Vine Crop Care (cont)
By: National Gardening Association Editors
Side-dressing is the application of a small amount of balanced commercial or organic fertilizer to your plants once they're four to five weeks old. It's called side-dressing because you place food a few inches to the side of the plants, where it will gradually seep down to the roots. This boost helps the plants increase production of high quality fruit, and it's especially important for vine crops.
During the plant's development there comes a time when it stands upright at a height of 12 inches or more. That's the time to side-dress. The next time you see it, it will have flopped over and the vines will start to run or sprawl along the ground as they grow. At that point, the plants put their energy into producing vines, blossoms and fruit, and they can really use the extra food.

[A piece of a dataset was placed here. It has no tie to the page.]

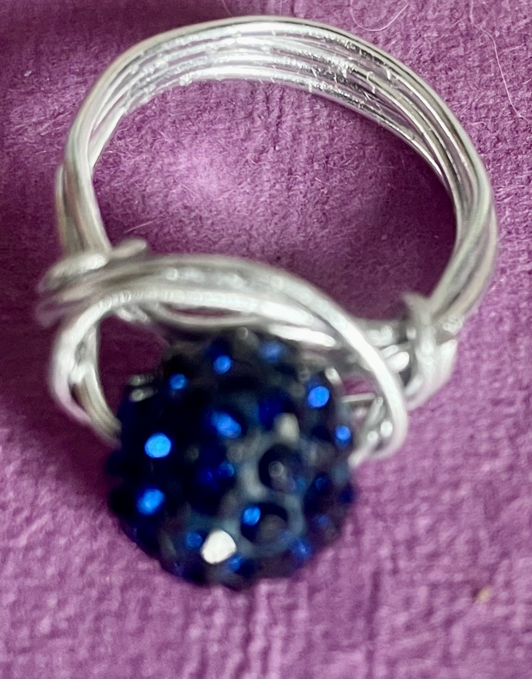 Beautiful handmade wire wrapped ring made with a 12mm shamballa bead in colours like – Navy blue, Lilac & Turquoise.

If you're using balanced commercial fertilizer such as 10-10-10, make a shallow furrow down both sides of each row, or around each hill, about four to five inches away from the base of the plants. Sprinkle the fertilizer evenly in the furrow -- one tablespoon for each two to three feet of row, and the same amount around each hill. Cover the fertilizer with one inch of soil.
If you side-dress with bulky organic matter, such as manure, make the furrow deeper and a few inches further from the plants. Spread the manure evenly in the furrow and cover it with an inch or two of soil.
Make it your golden rule to underfertilize if there's any doubt about how much to add. It's easy to do your plants more harm than good with "one more handful for good measure."